PTBUN - Polish Neuroscience Society

id_783. THE SCHIZOPHRENIA-ASSOCIATED 3Q29 DELETION MODIFIES BEHAVIORAL AND MOLECULAR RESPONSE TO ACUTE RISPERIDONE TREATMENT IN A MOUSE MODEL

Magdalena Ziemiańska¹, Klaudia Misiołek¹, Julia Netczuk¹, Martyna Boguska¹, Łukasz Szumiec¹, Sławomir Gołda¹, Mateusz Zięba², Marcin Piechota², Małgorzata Borczyk², Marzena Maćkowiak³, Michał Korostyński², Jan Ridriguez Parkitna¹

¹ Departament of Molecular Neuropharmacology, Maj Institute of Pharmacology Polish Academy of Sciences, Krakow, Poland
² Laboratory of Pharmacogenomics, Maj Institute of Pharmacology Polish Academy of Sciences, Krakow, Poland
³ Department of Pharmacology and Brain Biostructure, Maj Institute of Pharmacology Polish

INTRODUCTION: Rare high-risk schizophrenia variants may contribute to variability in antipsychotic response, yet their mechanistic effects remain unclear.
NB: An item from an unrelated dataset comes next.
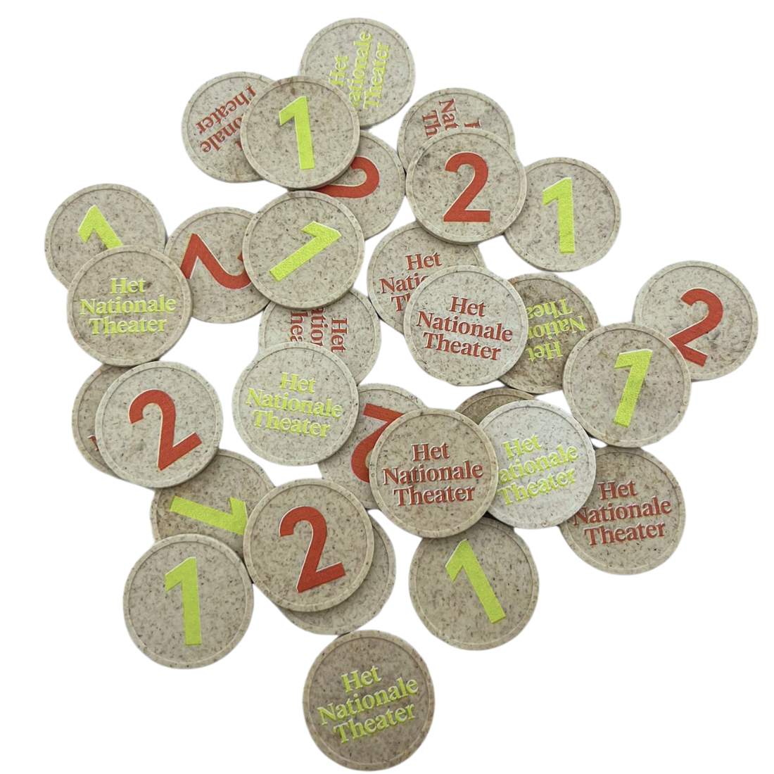 De munten hebben een doorsnede van 29 mm en een dikte van 2,35 mm. Let op: omdat dit een natuurproduct is, kunnen de afmetingen iets van elkaar verschillen. De munten zijn gemaakt van houtvezels en hars, allebei 100% biologisch afbreekbaar. Dit is naast milieuvriendelijk, ook een mooi, sterk en glad materiaal! De munten worden verkocht per 100 stuks. Om het uitgeven en organiseren van munten soepel te laten verlopen, kun je gebruikmaken van kunststof telbakken.
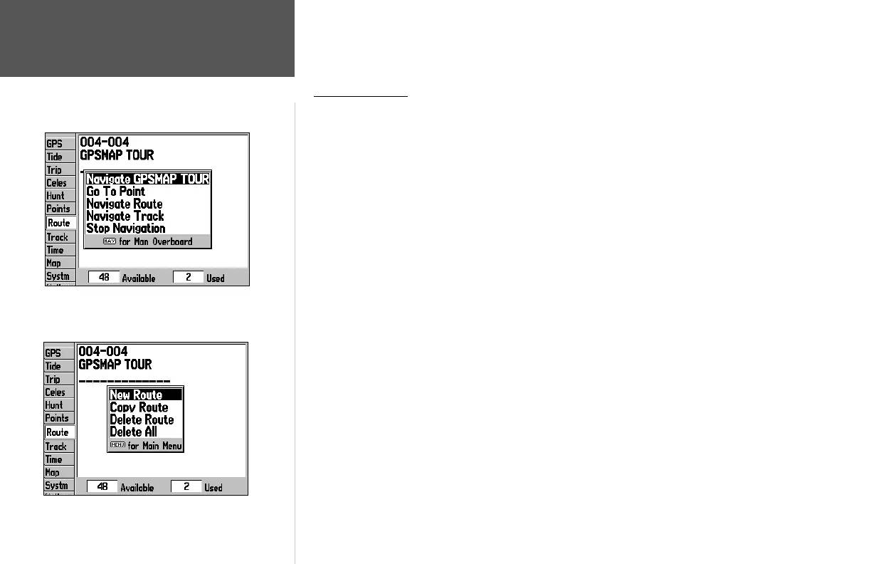 stored in memory, along with a descriptive name for each route. By pressing the MENU button on

The 3q29 deletion, conferring >40-fold increased risk, is conserved in mice, providing a translational model to investigate disease mechanisms and treatment efficacy.

AIM(S): We investigated behavioral and transcriptomic responses to acute risperidone treatment in a mouse model of the human 3q29 deletion.
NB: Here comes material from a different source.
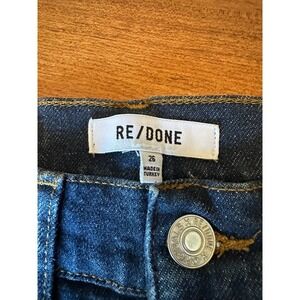 Keywords: RE/DONE, high rise jeans, ankle crop jeans, dark wash denim, zipper jeans, designer jeans, cropped jeans, high waisted jeans, slim fit jeans, denim pants, new with tags, NWT
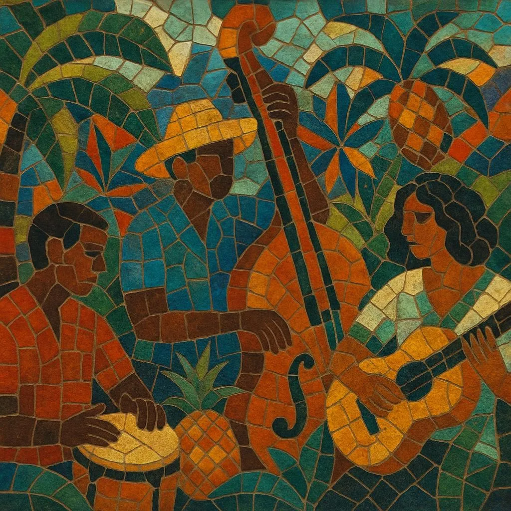 Its sound palette balances hand percussion, tumbao basslines, and vintage organs or guitars with synthesizers, samplers, and lo‑fi/dub processing (tape saturation, spring reverb, delay). Vocals often switch between intimate indie delivery and call‑and‑response coros, with lyrics that blend urban life, identity, and tropical surrealism. The result is dance‑forward yet art‑leaning music that feels simultaneously rootsy and futurist.

METHOD(S): Adult mutant and wild-type littermates were tested in two sessions, measuring acoustic startle and prepulse inhibition (PPI). Baseline responses were assessed in drug-naïve animals, followed by administration of risperidone (0.5 or 1 mg/kg) or saline in the second session. Brains were collected two hours after 1 mg/kg treatment for spatial transcriptomic profiling.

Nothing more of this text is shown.